The iphone vibrated against the marble countertop, her ex-husband's name lighting up the screen at 6:47 AM. Elena let it ring through, as she had every morning since he moved out three months ago. She stood barefoot in the kitchen, knife hovering over a papaya she'd impulsively bought at the Asian market yesterday—a gesture toward becoming someone who ate papayas, someone adventurous and whole.

Outside, Marcus was running past her window again. His rhythmic footfall on the pavement had become the metronome of her mornings this spring. She watched through the gauze curtain as his orange reflective vest flashed between the maples, like a signal flare in the gray dawn.

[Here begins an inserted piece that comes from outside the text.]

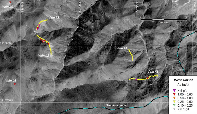 - Field inspection and sampling of the West Garida prospect has led to the identification of at least 6 gold mineralized quartz veins outcropping at surface;
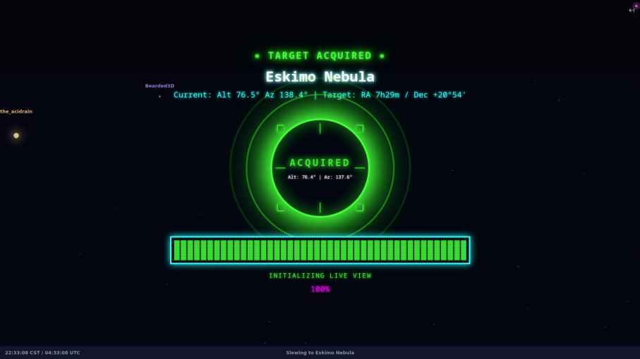 I now run a fully automated Twitch stream where anyone can watch and interact with my Vespera II telescope. Subscribers or donors can vote on targets. The overlay shows real-time data and a retro loading screen. Music plays in the background and changes its volume depending on what time of day/night it is. Constellations drift across the screen bearing the names of supporters.

He never looked up. She never waved.

She sliced through the papaya's black seeds, remembering how David used to say tropical fruit was a waste of money—too expensive, too unfamiliar, they were pear people and should accept it. That was David's philosophy about everything: know your lane, stay there, pay the mortgage on time. The papaya's flesh revealed itself surprisingly vibrant, almost luridly pink against her kitchen's beige neutrality.

Her iphone chimed again. A text this time: "Forgot my golf clubs. Can I swing by?"

Elena set down the knife. The papaya's sweetness flooded her senses—musky and unfamiliar, nothing like a pear. She typed back: "Garage code is still 1987." Then she deleted it and typed: "Left them on the porch."

Marcus ran past her window again, his orange vest fading as he turned the corner. Elena tasted the papaya, surprised by its complexity—sweet, then earthy, then something like pepper. Nothing like she expected. She took another bite, thinking about how she'd spent twenty years accepting pears when what she'd wanted was papaya. How she'd settled for a man who measured worth in stability and predictable outcomes.

The iphone vibrated with David's reply: "Thanks. Hope you're doing OK."

Elena didn't answer. She stood at the window watching the sunrise bleed orange across the sky, eating papaya with her fingers, dripping juice onto her silk pajamas. For the first time in years, she wasn't waiting for anything or anyone to tell her who she was supposed to be. Tomorrow, she decided, she'd go running herself. Maybe she'd run until she found out where Marcus turned, or maybe she'd just keep going past all the familiar streets, toward whatever came next.